Мой палец замирает над кнопкой отмены. Если я нажму, будет ли это с моей стороны проявлением отваги? Или, наоборот – окончательным поражением моей человеческой сущности? Поражением той Рингер, которая продолжает надеяться в самой безнадежной ситуации; верит, когда не остается причин верить, и доверяет, когда доверие давно подорвано? Будет ли это окончательной победой Воша в нашей с ним схватке?
«Видишь, Марика, даже ты теперь принадлежишь нам. Даже ты».
На все уходит меньше пяти минут. Эти пять минут длятся целую вечность – вселенная, наверное, быстрее сформировалась.

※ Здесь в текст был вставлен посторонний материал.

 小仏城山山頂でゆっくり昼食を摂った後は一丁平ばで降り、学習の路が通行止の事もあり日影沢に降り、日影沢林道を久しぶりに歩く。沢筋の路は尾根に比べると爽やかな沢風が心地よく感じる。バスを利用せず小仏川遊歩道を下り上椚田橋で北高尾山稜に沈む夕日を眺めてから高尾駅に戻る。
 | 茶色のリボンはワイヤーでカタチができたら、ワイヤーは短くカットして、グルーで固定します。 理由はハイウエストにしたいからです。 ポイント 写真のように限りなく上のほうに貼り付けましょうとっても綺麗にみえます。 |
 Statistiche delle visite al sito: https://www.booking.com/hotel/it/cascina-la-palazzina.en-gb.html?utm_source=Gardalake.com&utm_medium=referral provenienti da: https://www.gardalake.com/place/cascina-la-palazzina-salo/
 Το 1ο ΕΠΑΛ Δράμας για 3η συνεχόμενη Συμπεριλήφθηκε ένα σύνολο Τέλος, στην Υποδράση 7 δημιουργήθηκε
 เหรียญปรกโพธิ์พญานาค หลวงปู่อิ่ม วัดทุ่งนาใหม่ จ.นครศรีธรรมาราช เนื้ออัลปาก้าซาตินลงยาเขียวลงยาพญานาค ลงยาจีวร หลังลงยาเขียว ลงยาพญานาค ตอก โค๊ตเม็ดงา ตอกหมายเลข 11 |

Гаснут мониторы. Тело Кэсси обмякло. Я подхожу ближе, но боюсь к ней прикоснуться. Боюсь того, что могу почувствовать. Боюсь за свой разум, за свою психику. Проникать в сознание одного человека уже достаточно опасно; не могу даже представить, каково это – погрузиться в сознание тысяч людей.
– Кэсси?
У нее подрагивают веки. В зеленых глазах отражается белый потолок. И что-то еще. Это выше моего понимания. Не ужас. Не печаль. Не растерянность. Не боль и не страх. В ее глазах нет ничего из того, с чем она могла столкнуться в «Стране чудес».

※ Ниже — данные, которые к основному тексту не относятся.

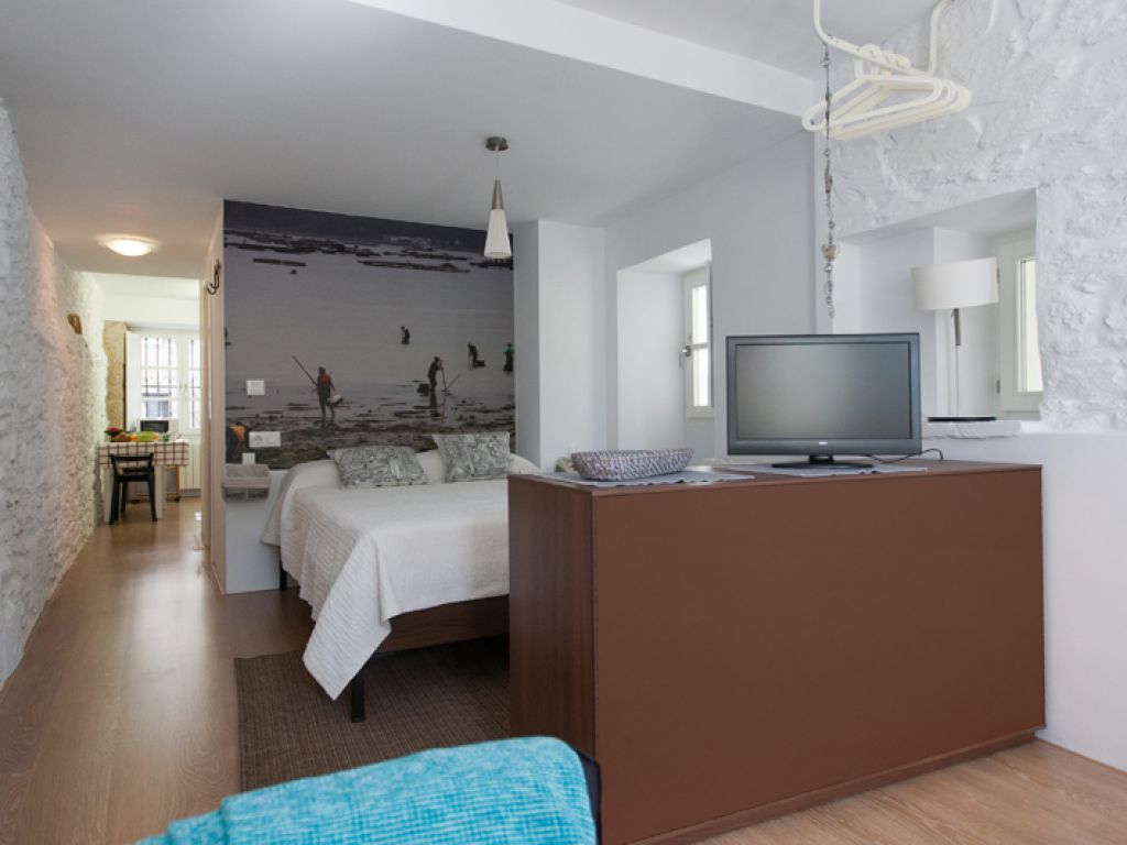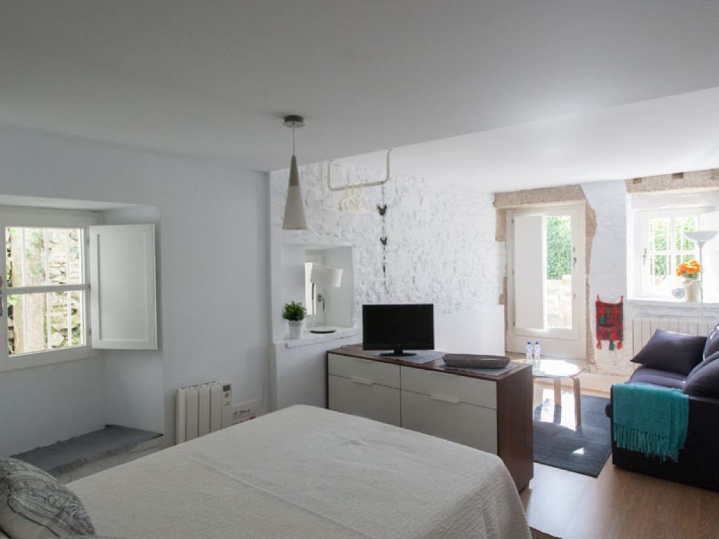 Los apartamentos se caracterizan por espacios luminosos que se abren tanto a la tranquila rúa como a la amplia zona de antiguas huertas. La decoración es actual y sencilla, respetando el legado de la piedra original.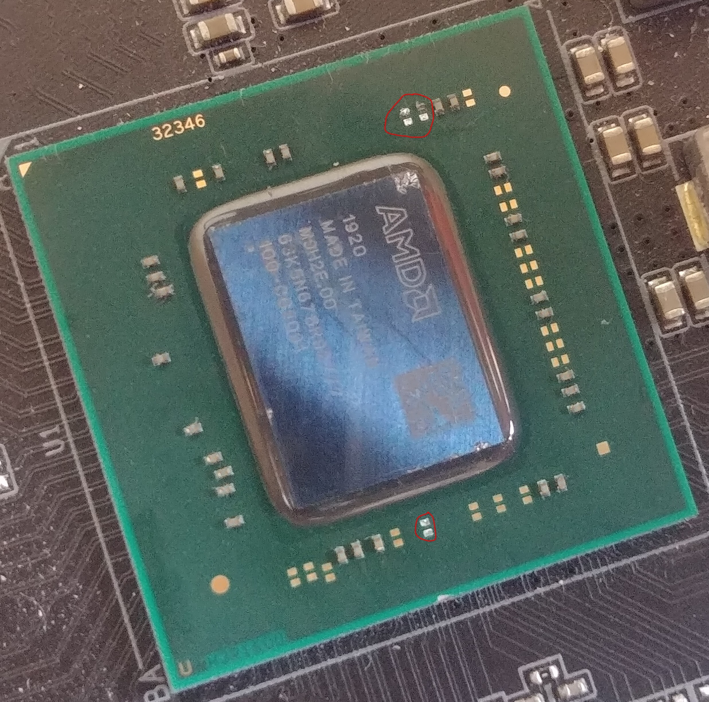 Done some more poking with this. The power rails seem OK, VCORE is at 800mV. APU_PWOK is fluctuating though, because PM_PWRGD is fluctuating. It looks like this is the chipsets power good signal? I've closely inspected it and it looks like at some point there were 3 components that were ripped off the green PCB that the chipset is on. Is anyone able to identify them please? I am wondering if they are preventing the chipset from powering up properly. I've attached a photo and have circled the missing components. It looks like it took a good beating from someone fumbling around with the heatsink for it.

Глаза Кэсси, ее лицо, все ее тело излучают полную противоположность всем этим эмоциям. Это чувство никуда не делось, его не укротить, не одолеть, оно не увядает. Источник ее отваги. Основа всей нашей жизни, она часто меркнет, но никогда не уходит навсегда.
Радость.
Кэсси судорожно набирает полную грудь воздуха и говорит:
– Мы все здесь.
Она вся светится. Глаза сияют. На губах играет улыбка.

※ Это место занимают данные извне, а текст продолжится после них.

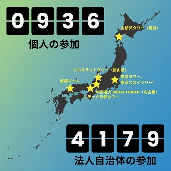 ランドスケープの消灯アクション以外にも、消灯を含むさまざまな環境アクションを実施する旨をWWFジャパンに登録した自治体・企業などの総数は昨年より600件以上増加して4,179件に、個人の参加人数は936人となりました(4月1日現在)。
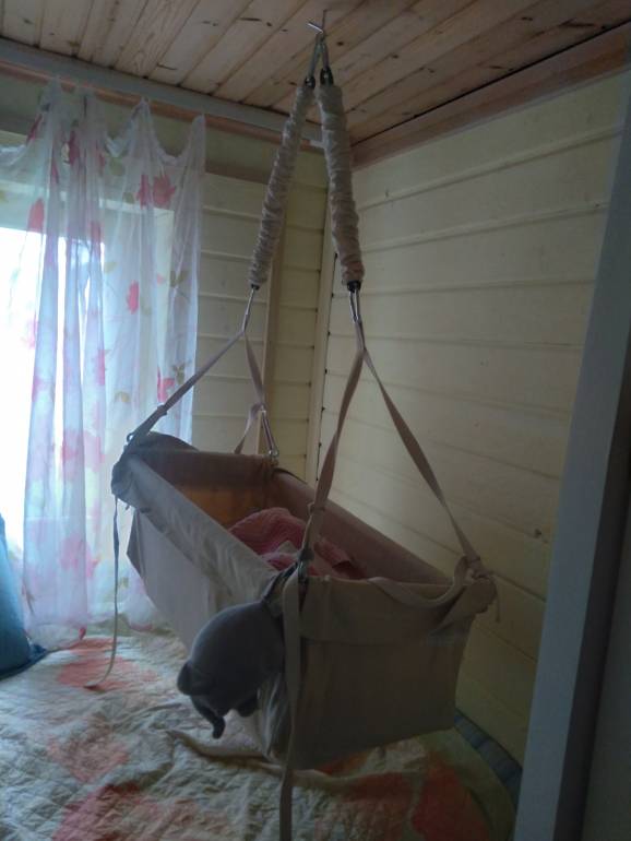 Понравилась люлька подвесная, на даче используем, в квартире тоже можно. Качается сама долго, мало места занимает).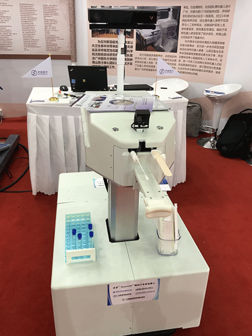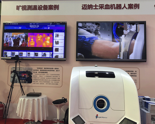 走入展厅,科技抗疫案例展示区集聚了测温设备、采血机器人、末端配送机器人、智能消杀机器人、咽拭子采样机器人等高科技设备,吸引了众多关注,也成为世界了解中国抗击疫情的窗口之一。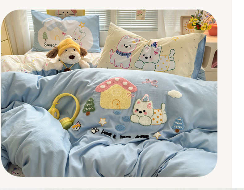 当前位置: 91家纺网 > 商品网购 > 床品套件 > 四件套 > 其它四件套 > 一霖家纺 2026新款云朵棉毛巾绣小清新猫咪系列四件套 汪汪碎碎念

– Ты не поверишь… – шепчет она. – Ты не знаешь…
– Да, я не знаю.
– Это так прекрасно… так прекрасно… что я не могу… О господи, Марика, я не могу…
Она заливается слезами. Я беру ее лицо в ладони и молю хаб оградить меня от нее. Я не хочу оказаться там, где она побывала. Боюсь не вынести.
– Сэмми здесь, – сквозь слезы говорит Кэсси. – Сэмми здесь. – Она напрягается, как будто хочет обнять брата. – И Бен, он тоже здесь. О господи, о боже, а я сказала ему, что он не потянет. Как я могла такое сказать? Он сильный… он такой сильный, – неудивительно, что они не могут его убить…
Ее глаза блуждают по потолку. Плечи вздрагивают.
– Они все здесь. Дамбо, и Чашка, и Кекс…
Я отхожу от кресла. Я понимаю, что сейчас произойдет. Это как несущийся на всех парах потерявший управление поезд.
– Прости, Марика. Прости за все. Я не знала. Я не понимала.
– Мы не должны туда заходить, Кэсси, – вяло возражаю я.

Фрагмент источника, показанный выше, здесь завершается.